#### [Activity]
Beginning with the line that holds "Dal parcheggio di" and finishing with the line that holds "今回は、いちごと合わせてトーストにのせました。", repeat the listing exactly, leaving every picture out.

[[ Input data open ]]

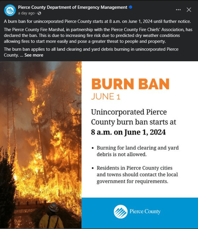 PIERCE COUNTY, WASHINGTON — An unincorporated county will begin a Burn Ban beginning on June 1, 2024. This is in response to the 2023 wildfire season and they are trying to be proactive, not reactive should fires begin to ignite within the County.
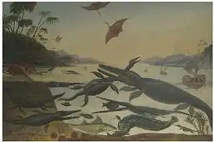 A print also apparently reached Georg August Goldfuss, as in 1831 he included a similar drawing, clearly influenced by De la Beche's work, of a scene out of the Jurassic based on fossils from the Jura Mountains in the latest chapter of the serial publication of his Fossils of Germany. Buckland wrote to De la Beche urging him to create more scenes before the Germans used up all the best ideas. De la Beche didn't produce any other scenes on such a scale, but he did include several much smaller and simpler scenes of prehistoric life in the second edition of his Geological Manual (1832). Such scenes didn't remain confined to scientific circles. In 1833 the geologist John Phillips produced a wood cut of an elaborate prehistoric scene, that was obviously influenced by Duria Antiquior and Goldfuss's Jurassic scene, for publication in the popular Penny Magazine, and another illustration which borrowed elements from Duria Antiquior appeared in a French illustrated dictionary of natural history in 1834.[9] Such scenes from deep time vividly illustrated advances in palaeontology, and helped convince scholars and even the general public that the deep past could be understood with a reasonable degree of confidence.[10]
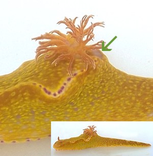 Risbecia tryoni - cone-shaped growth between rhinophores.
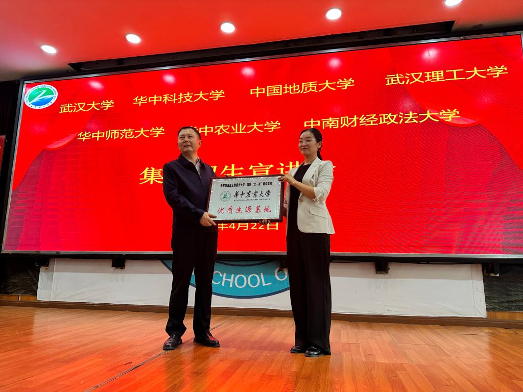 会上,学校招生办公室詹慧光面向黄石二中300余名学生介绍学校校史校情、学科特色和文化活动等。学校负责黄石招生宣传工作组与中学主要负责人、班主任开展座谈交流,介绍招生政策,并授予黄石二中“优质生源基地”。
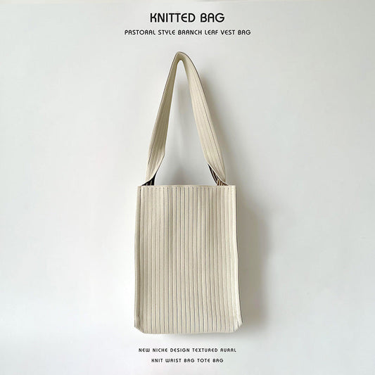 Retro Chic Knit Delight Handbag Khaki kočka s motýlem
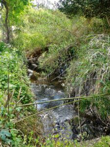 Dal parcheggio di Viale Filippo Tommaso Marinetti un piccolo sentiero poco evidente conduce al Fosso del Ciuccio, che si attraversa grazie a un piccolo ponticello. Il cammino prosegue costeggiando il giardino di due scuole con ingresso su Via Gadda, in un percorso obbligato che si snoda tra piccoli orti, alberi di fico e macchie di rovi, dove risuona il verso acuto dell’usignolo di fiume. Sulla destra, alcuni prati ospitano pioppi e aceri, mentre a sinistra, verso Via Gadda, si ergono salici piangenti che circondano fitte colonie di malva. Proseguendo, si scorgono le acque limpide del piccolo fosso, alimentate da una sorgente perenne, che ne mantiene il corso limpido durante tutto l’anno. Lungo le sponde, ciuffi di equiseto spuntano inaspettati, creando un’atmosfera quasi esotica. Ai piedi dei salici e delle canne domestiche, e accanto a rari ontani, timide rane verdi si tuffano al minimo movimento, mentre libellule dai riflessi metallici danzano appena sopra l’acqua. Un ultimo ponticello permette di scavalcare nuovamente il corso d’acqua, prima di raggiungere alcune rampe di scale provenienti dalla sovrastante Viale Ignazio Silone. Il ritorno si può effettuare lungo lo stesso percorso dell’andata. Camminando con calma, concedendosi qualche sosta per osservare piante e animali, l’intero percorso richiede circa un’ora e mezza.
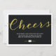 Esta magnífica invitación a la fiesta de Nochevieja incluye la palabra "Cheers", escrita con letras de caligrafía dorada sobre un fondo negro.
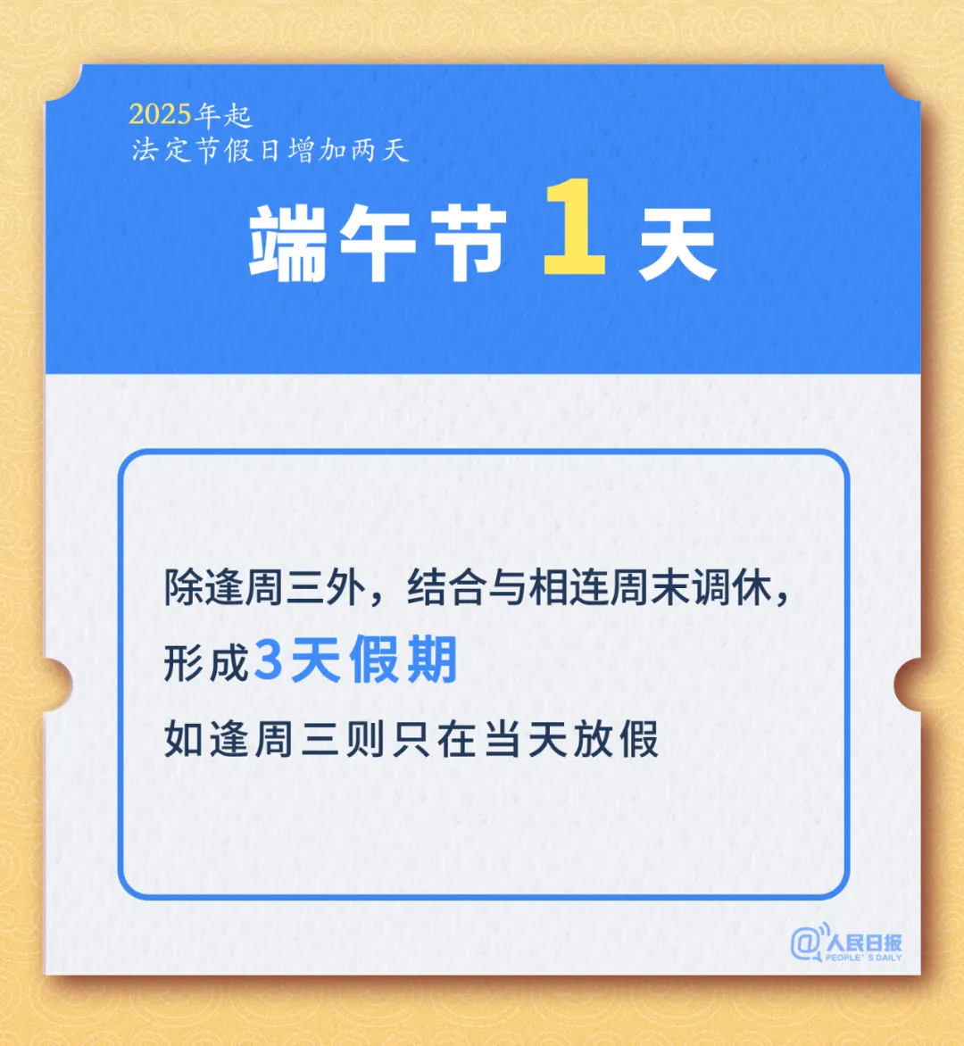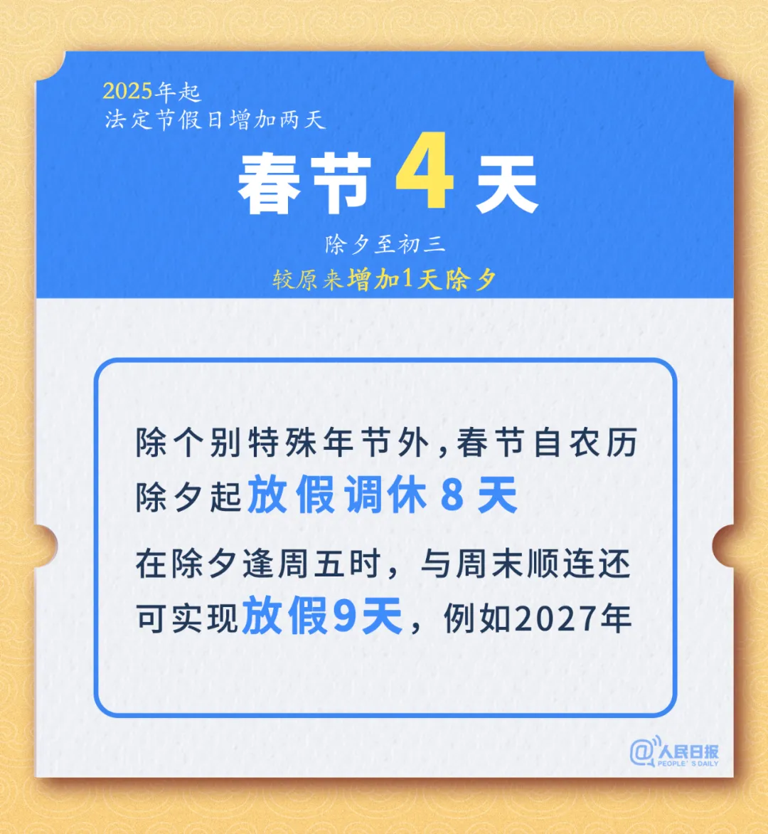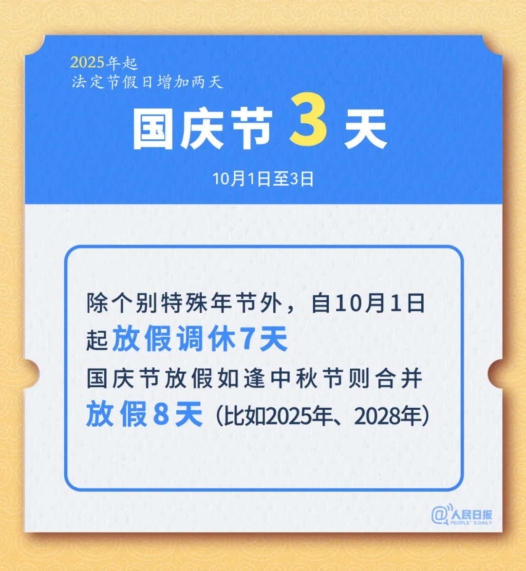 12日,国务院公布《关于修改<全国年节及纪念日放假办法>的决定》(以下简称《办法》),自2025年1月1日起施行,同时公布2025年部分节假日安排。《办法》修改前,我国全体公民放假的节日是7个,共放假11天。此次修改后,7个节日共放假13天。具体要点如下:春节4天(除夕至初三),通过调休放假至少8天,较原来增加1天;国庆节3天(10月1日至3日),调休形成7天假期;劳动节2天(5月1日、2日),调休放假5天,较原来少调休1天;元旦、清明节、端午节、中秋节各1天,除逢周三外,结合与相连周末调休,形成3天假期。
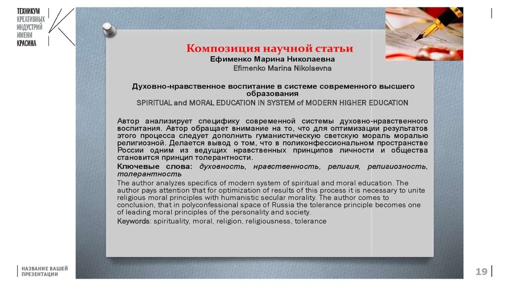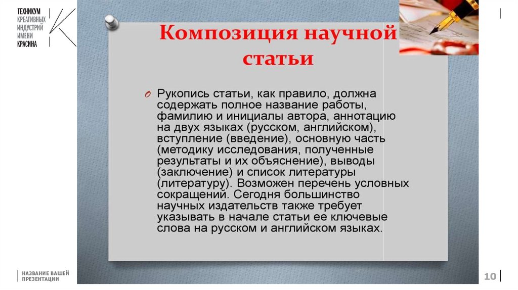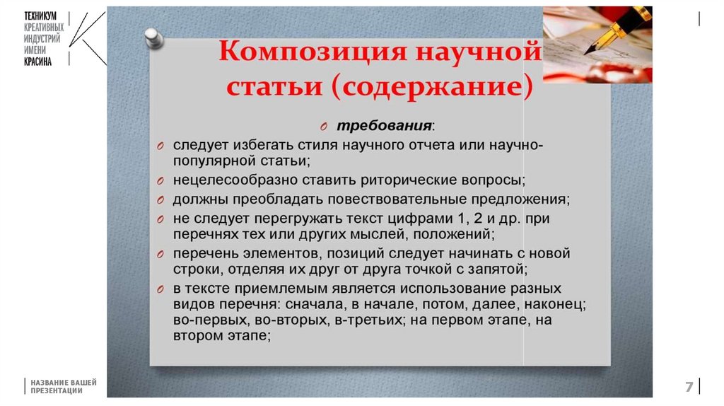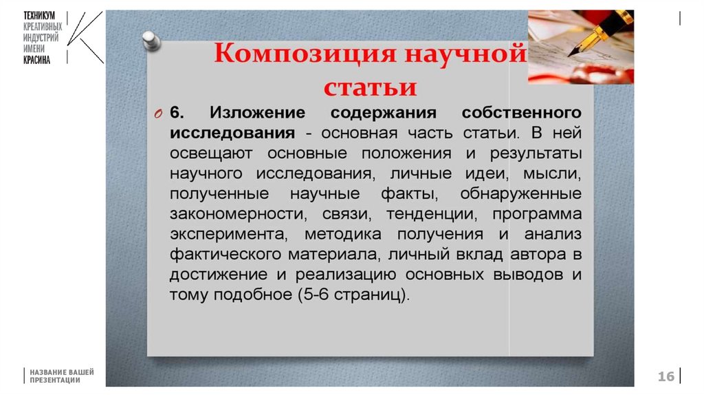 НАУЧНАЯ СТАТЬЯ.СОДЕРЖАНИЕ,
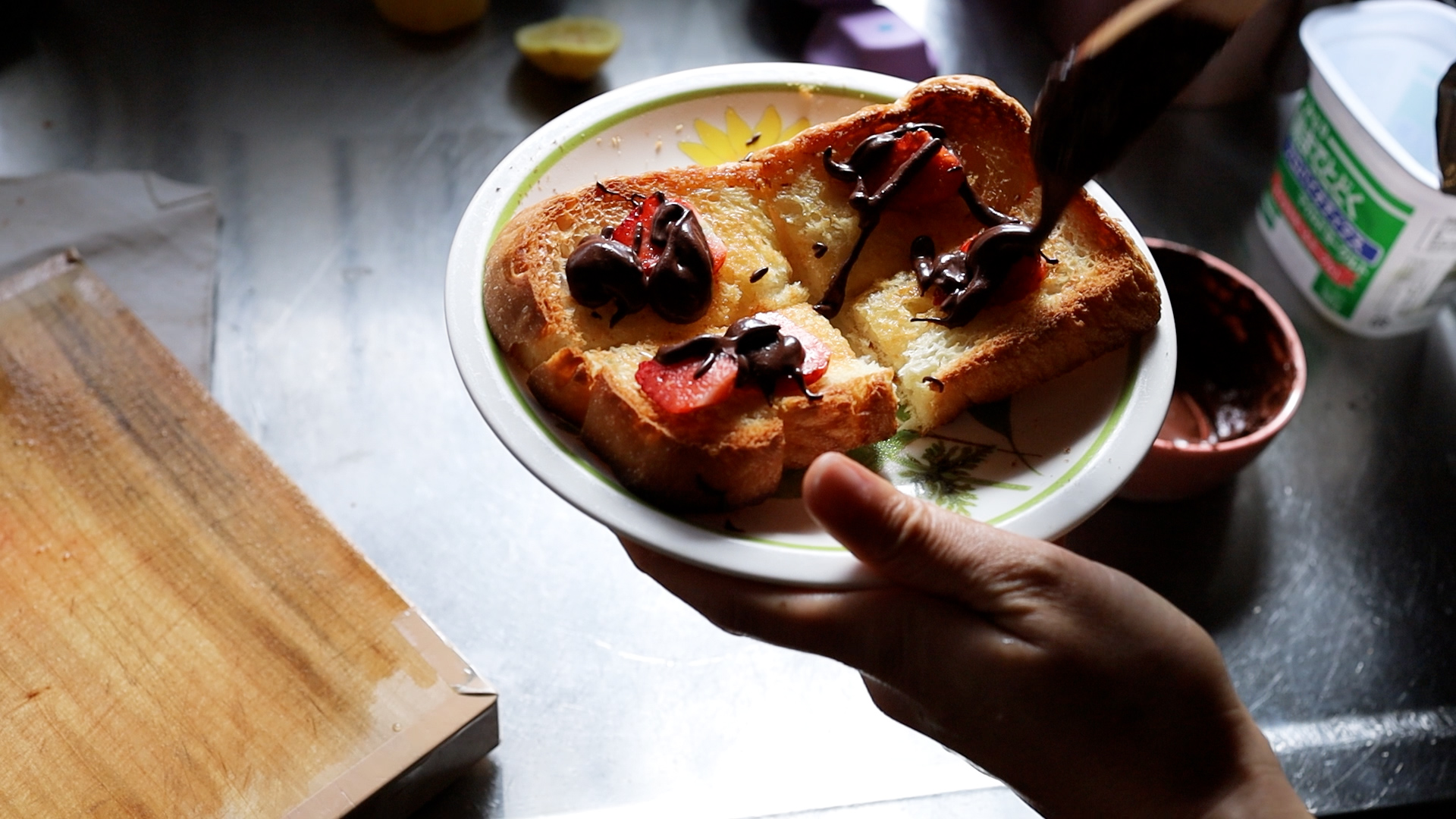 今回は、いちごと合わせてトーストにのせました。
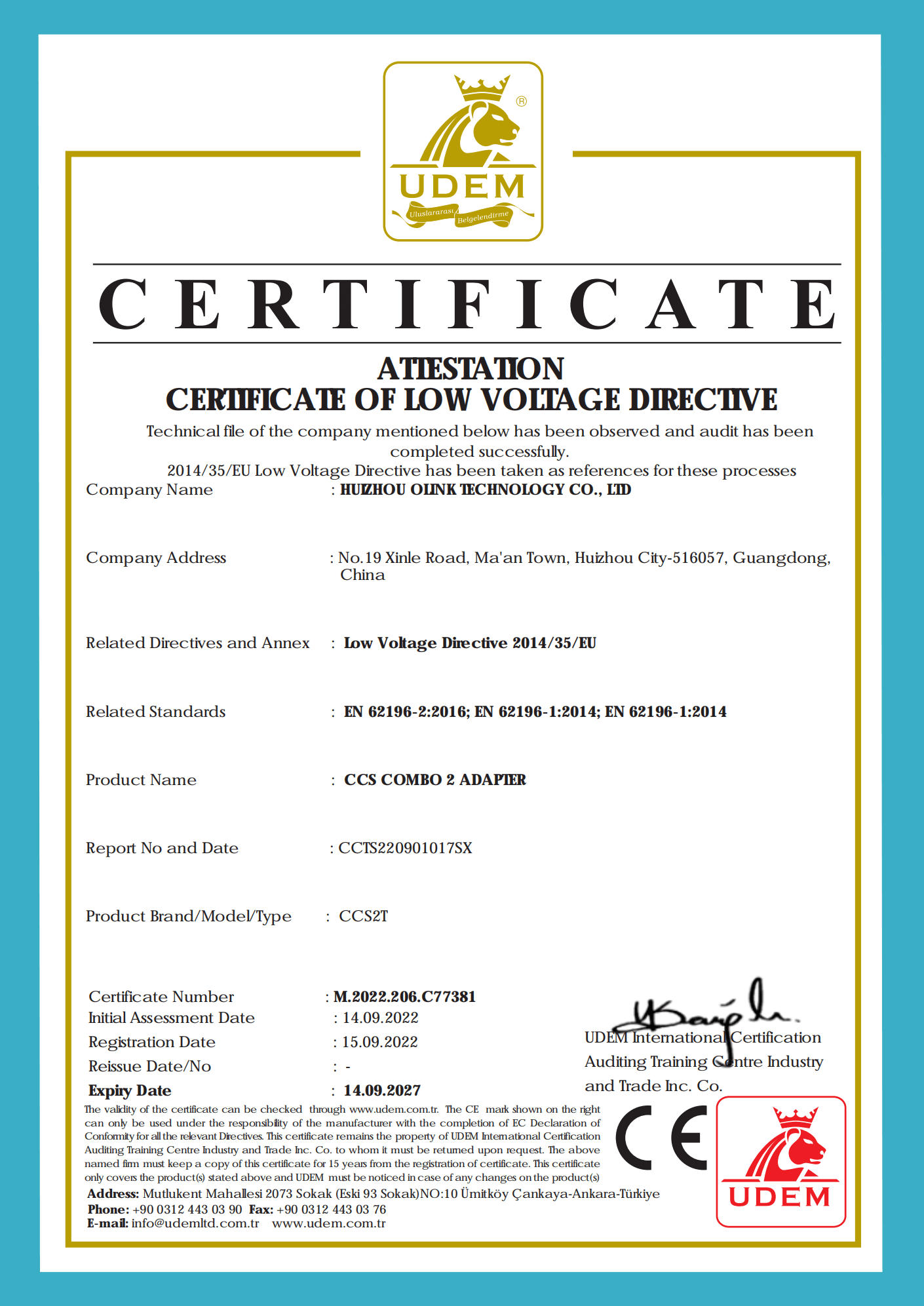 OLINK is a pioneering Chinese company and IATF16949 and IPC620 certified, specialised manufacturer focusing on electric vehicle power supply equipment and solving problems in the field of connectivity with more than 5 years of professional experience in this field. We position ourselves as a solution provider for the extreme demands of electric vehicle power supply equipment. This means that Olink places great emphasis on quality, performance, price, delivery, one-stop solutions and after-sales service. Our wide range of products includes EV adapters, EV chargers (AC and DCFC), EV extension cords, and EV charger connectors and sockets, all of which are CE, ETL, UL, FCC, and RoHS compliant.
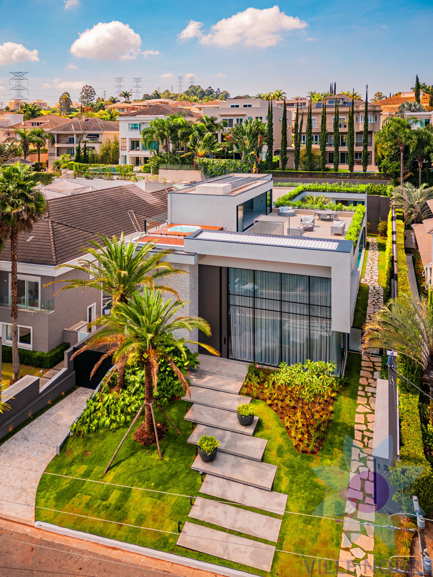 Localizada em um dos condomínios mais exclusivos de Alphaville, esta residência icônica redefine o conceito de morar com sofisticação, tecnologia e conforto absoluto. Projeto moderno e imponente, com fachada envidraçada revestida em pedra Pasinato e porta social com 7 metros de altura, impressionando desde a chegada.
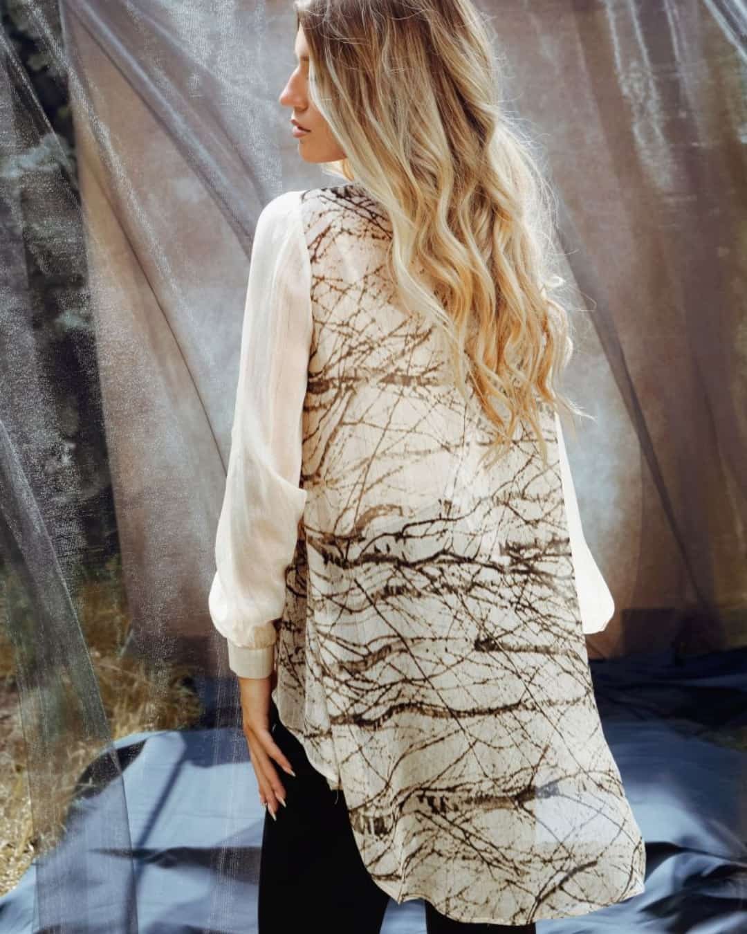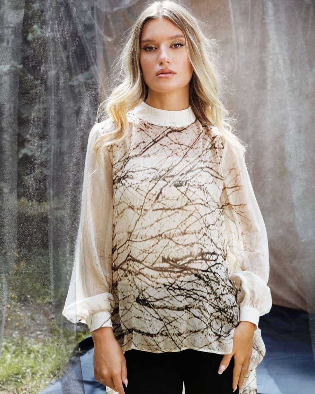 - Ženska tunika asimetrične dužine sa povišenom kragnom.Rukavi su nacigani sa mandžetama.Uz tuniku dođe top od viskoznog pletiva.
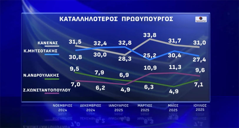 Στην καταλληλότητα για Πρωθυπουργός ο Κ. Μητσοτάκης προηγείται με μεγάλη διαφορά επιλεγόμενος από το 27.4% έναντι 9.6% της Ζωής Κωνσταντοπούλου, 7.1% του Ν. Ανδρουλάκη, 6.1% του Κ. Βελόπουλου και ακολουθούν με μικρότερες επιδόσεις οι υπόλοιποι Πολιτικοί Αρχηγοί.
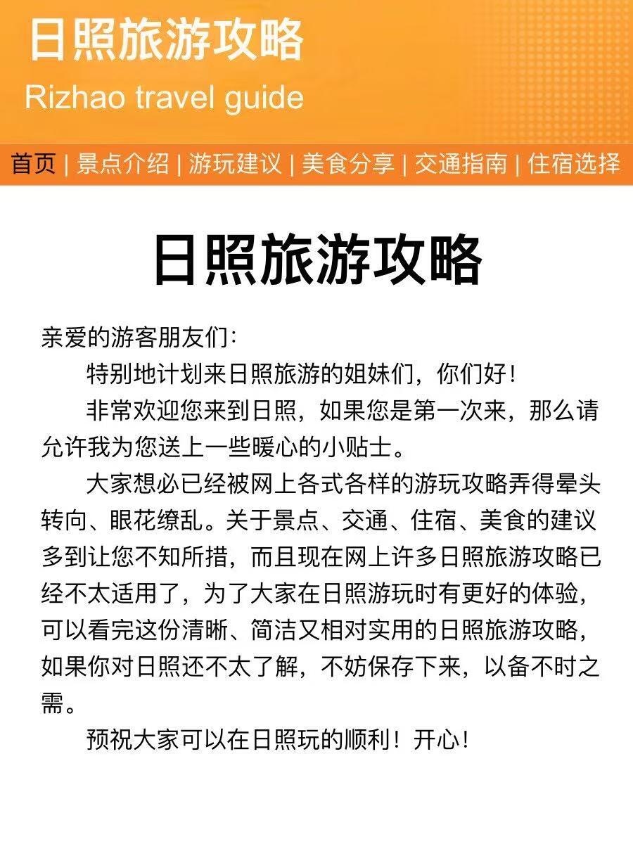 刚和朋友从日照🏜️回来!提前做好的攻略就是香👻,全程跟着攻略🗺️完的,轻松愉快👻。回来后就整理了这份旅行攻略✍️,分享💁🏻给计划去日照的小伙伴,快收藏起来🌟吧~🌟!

[[ Input data closed ]]

#### [Answer below]
 Dal parcheggio di Viale Filippo Tommaso Marinetti un piccolo sentiero poco evidente conduce al Fosso del Ciuccio, che si attraversa grazie a un piccolo ponticello. Il cammino prosegue costeggiando il giardino di due scuole con ingresso su Via Gadda, in un percorso obbligato che si snoda tra piccoli orti, alberi di fico e macchie di rovi, dove risuona il verso acuto dell’usignolo di fiume. Sulla destra, alcuni prati ospitano pioppi e aceri, mentre a sinistra, verso Via Gadda, si ergono salici piangenti che circondano fitte colonie di malva. Proseguendo, si scorgono le acque limpide del piccolo fosso, alimentate da una sorgente perenne, che ne mantiene il corso limpido durante tutto l’anno. Lungo le sponde, ciuffi di equiseto spuntano inaspettati, creando un’atmosfera quasi esotica. Ai piedi dei salici e delle canne domestiche, e accanto a rari ontani, timide rane verdi si tuffano al minimo movimento, mentre libellule dai riflessi metallici danzano appena sopra l’acqua. Un ultimo ponticello permette di scavalcare nuovamente il corso d’acqua, prima di raggiungere alcune rampe di scale provenienti dalla sovrastante Viale Ignazio Silone. Il ritorno si può effettuare lungo lo stesso percorso dell’andata. Camminando con calma, concedendosi qualche sosta per osservare piante e animali, l’intero percorso richiede circa un’ora e mezza.
 Esta magnífica invitación a la fiesta de Nochevieja incluye la palabra "Cheers", escrita con letras de caligrafía dorada sobre un fondo negro.
 12日,国务院公布《关于修改<全国年节及纪念日放假办法>的决定》(以下简称《办法》),自2025年1月1日起施行,同时公布2025年部分节假日安排。《办法》修改前,我国全体公民放假的节日是7个,共放假11天。此次修改后,7个节日共放假13天。具体要点如下:春节4天(除夕至初三),通过调休放假至少8天,较原来增加1天;国庆节3天(10月1日至3日),调休形成7天假期;劳动节2天(5月1日、2日),调休放假5天,较原来少调休1天;元旦、清明节、端午节、中秋节各1天,除逢周三外,结合与相连周末调休,形成3天假期。
 НАУЧНАЯ СТАТЬЯ.СОДЕРЖАНИЕ,
 今回は、いちごと合わせてトーストにのせました。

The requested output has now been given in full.